Aristotle teaches that prudence informs all the cardinal virtues. Prudence is the acquired ability—that is, the habit—of discovering and judging what is right in any given set of circumstances, even where this cannot be deduced from general principles. It is prudence that makes it possible to do the right thing in the right place at the right time. An action that is courageous in one instance may be rash or foolish in another, because the time and place are not right. Prudence puts the actions in the right order.  -- Laura Berquist, Character Formation

Some unpacking:

1.  Prudence is concerned with the intellect  -- it comes from your mind, your heart in the Christian sense of "core of your deepest being"
2.  It is also concerned with PRACTICE, the practical, with the active sphere of life.  Things that you DO.   Christ constantly reiterated that the inside is of key importance but it will always be reflected in exterior ACTION.   It is never sterile or hidden "under a basket".
3.  Prudence lets us judge what is right and wrong in a given situation.  -- it lets us "order things rightly"
4.  It can't always be deduced from general principles (because of our limitations of reason).
5..  Prudence requires us to seek the counsel of others -- specifically those we think are sound judges.

David Isaacs, in his book about Character Building which I resort to again and again, says that small children cannot be truly prudent because they have not built up sufficient life experience.   The best they can do in place of prudence is obey their parents, which substitutes for the more adult virtue or rather allows them to imitate and participate in their parent's prudence.  "Don't walk into that street, child; cars drive down it."    At first he does not know, but trusts and obeys. Therefore, prudence requires experience, either our own or other peoples'.
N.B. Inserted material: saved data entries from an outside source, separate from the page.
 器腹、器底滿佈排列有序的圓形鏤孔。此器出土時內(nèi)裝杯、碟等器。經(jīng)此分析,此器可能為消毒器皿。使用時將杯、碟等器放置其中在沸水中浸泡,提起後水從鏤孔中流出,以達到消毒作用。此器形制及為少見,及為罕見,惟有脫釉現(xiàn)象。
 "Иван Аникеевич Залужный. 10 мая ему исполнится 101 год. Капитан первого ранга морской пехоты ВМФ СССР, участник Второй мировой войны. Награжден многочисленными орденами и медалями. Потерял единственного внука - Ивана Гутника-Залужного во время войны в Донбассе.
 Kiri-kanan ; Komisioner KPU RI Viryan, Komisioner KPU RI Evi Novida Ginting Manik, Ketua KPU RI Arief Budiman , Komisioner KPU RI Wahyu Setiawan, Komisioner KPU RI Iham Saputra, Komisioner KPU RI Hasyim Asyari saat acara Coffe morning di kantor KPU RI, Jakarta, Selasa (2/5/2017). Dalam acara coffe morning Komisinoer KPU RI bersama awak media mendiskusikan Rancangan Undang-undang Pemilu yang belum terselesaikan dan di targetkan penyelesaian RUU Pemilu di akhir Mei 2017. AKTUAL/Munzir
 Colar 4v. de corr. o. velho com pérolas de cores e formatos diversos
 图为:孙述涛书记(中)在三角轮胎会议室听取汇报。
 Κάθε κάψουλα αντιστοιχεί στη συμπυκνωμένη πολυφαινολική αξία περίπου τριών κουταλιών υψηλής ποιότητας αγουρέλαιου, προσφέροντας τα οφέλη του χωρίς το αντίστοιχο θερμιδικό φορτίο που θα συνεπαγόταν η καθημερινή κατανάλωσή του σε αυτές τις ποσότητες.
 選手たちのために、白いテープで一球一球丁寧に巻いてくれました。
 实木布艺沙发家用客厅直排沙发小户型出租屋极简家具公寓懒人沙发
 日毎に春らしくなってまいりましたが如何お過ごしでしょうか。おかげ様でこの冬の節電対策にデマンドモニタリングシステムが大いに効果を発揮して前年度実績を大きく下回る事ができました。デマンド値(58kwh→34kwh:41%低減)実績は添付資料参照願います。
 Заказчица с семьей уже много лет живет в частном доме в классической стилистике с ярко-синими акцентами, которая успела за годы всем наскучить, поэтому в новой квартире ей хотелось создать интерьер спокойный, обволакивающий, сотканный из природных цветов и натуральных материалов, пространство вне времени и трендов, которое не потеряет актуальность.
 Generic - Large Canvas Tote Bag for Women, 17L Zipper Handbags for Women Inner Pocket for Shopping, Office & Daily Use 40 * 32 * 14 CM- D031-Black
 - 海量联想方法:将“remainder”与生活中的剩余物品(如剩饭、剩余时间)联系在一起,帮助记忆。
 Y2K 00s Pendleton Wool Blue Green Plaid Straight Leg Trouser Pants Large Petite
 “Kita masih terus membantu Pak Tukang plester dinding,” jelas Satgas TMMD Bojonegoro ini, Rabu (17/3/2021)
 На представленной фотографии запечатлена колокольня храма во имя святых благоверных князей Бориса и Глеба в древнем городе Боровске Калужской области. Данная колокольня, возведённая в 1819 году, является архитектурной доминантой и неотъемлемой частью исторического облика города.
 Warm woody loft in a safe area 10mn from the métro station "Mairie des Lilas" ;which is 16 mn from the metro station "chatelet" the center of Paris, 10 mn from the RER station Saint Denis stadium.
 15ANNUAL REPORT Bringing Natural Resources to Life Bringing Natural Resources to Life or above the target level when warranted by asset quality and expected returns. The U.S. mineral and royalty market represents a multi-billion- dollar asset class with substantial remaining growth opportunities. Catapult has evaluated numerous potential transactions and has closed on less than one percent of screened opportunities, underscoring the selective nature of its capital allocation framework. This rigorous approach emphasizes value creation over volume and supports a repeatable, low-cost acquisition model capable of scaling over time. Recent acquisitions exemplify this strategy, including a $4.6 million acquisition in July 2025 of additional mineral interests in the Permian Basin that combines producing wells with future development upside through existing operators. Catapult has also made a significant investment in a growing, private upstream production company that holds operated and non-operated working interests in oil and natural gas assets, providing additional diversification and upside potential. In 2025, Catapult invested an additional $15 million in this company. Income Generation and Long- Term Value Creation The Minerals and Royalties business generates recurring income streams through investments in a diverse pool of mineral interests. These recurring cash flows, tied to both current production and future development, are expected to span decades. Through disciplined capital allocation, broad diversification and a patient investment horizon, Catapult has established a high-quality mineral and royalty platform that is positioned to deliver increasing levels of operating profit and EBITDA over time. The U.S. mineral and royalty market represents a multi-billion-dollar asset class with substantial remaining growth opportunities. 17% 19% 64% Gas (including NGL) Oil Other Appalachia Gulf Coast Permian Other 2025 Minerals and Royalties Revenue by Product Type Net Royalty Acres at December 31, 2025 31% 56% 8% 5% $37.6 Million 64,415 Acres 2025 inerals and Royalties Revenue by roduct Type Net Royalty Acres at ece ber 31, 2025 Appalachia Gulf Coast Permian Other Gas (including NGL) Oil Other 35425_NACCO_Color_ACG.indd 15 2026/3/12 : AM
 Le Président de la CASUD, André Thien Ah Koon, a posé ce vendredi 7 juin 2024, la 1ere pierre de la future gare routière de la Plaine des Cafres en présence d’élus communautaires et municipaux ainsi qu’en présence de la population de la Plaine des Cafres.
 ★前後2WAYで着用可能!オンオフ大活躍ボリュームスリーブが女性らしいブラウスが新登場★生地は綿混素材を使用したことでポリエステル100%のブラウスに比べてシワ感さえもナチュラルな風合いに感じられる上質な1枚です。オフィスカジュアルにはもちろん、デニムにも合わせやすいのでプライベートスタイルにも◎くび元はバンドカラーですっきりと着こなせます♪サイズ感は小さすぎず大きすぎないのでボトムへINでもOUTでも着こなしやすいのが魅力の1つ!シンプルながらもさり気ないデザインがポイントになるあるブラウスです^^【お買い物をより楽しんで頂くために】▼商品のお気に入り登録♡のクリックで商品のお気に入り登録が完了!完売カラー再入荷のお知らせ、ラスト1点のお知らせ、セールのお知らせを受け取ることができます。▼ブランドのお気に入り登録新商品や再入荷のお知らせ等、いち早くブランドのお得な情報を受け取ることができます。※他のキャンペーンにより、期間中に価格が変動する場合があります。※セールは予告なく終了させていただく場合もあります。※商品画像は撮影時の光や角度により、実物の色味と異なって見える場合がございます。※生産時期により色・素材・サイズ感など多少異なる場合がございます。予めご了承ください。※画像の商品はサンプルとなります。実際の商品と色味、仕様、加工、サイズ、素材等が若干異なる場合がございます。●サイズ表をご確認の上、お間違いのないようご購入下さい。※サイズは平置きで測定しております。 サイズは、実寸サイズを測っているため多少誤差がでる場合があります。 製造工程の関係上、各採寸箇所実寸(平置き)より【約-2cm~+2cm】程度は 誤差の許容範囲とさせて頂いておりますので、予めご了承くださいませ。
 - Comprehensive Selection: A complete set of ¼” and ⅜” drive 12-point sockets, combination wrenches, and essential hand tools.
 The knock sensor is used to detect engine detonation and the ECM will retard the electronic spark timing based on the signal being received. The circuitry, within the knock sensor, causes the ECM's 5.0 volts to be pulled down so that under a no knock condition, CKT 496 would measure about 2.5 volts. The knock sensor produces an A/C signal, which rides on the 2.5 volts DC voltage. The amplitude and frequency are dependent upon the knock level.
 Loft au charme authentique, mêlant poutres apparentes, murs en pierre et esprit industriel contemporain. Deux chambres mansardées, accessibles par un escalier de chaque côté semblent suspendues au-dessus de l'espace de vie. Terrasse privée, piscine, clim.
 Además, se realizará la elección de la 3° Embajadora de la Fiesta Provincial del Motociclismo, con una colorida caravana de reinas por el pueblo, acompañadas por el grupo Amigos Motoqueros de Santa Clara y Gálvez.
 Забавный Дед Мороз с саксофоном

Whenever we get into a brand new sphere of life, we are in somewhat of the position of babies again, though our general life experience may help.   When I first became a mother I had  no firsthand experience of that happy state.   I learned from reflecting on my own childhood, from keeping attuned to my baby, from reading about mothering, and especially from other mothers, specifically my own mother and mother-in-law, who stayed with me and my newborn and gave me some invaluable tips and support.  I would not even have known what to ask for.  They gave me strategies, and practicing the strategies helped me develop my understanding.

Same when I became a homeschooler.  I knew even less and the help was way scarcer because there weren't very many homeschoolers around then.   There was no internet.   Every homeschool book I could acquire, I read to tatters, and still have significant passages memorized.   (Sometimes I disagree with them now, but that is still helpful as I dialogue internally).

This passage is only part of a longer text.